■ EXERCISE DATA:

------------------------------

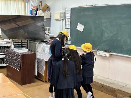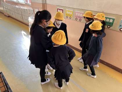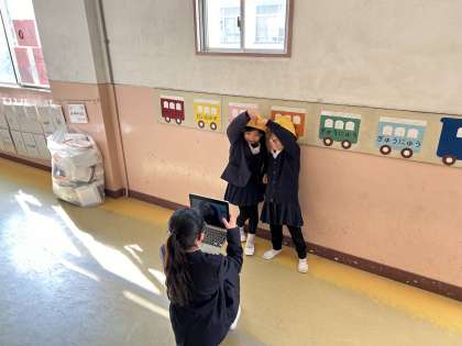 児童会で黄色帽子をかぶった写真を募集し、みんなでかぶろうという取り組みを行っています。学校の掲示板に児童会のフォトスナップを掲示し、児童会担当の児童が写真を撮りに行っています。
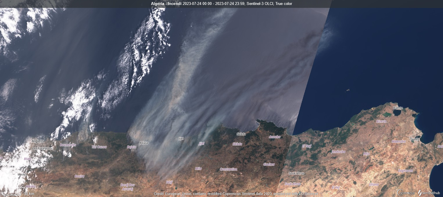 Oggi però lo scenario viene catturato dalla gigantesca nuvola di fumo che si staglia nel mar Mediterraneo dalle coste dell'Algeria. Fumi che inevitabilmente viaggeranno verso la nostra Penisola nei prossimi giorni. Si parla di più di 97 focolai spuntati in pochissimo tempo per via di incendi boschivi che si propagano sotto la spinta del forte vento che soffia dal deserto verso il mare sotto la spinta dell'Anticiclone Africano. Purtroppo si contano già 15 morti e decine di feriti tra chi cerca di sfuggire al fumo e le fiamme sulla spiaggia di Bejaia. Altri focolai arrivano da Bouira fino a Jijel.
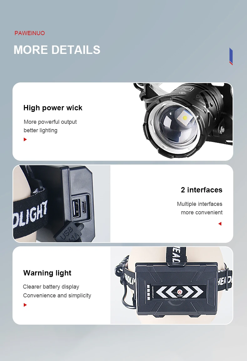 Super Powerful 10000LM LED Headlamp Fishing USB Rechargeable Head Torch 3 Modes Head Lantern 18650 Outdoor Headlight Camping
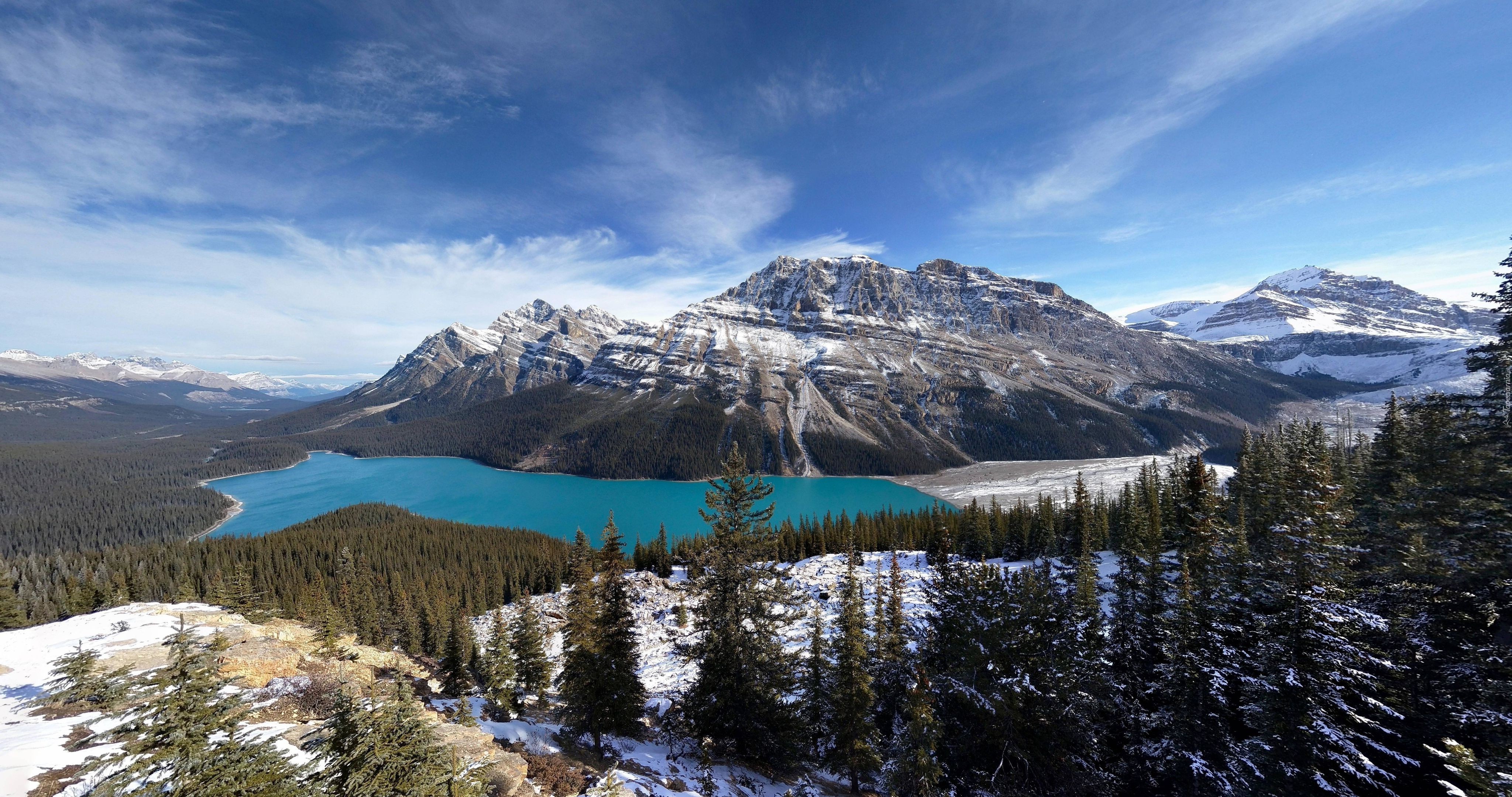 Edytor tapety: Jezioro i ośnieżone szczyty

------------------------------

■ WHAT YOU HAVE TO DO: Reproduce the listing exactly, but omit every picture in it.

■ OUTPUT BELOW:
 児童会で黄色帽子をかぶった写真を募集し、みんなでかぶろうという取り組みを行っています。学校の掲示板に児童会のフォトスナップを掲示し、児童会担当の児童が写真を撮りに行っています。
 Oggi però lo scenario viene catturato dalla gigantesca nuvola di fumo che si staglia nel mar Mediterraneo dalle coste dell'Algeria. Fumi che inevitabilmente viaggeranno verso la nostra Penisola nei prossimi giorni. Si parla di più di 97 focolai spuntati in pochissimo tempo per via di incendi boschivi che si propagano sotto la spinta del forte vento che soffia dal deserto verso il mare sotto la spinta dell'Anticiclone Africano. Purtroppo si contano già 15 morti e decine di feriti tra chi cerca di sfuggire al fumo e le fiamme sulla spiaggia di Bejaia. Altri focolai arrivano da Bouira fino a Jijel.
 Super Powerful 10000LM LED Headlamp Fishing USB Rechargeable Head Torch 3 Modes Head Lantern 18650 Outdoor Headlight Camping
 Edytor tapety: Jezioro i ośnieżone szczyty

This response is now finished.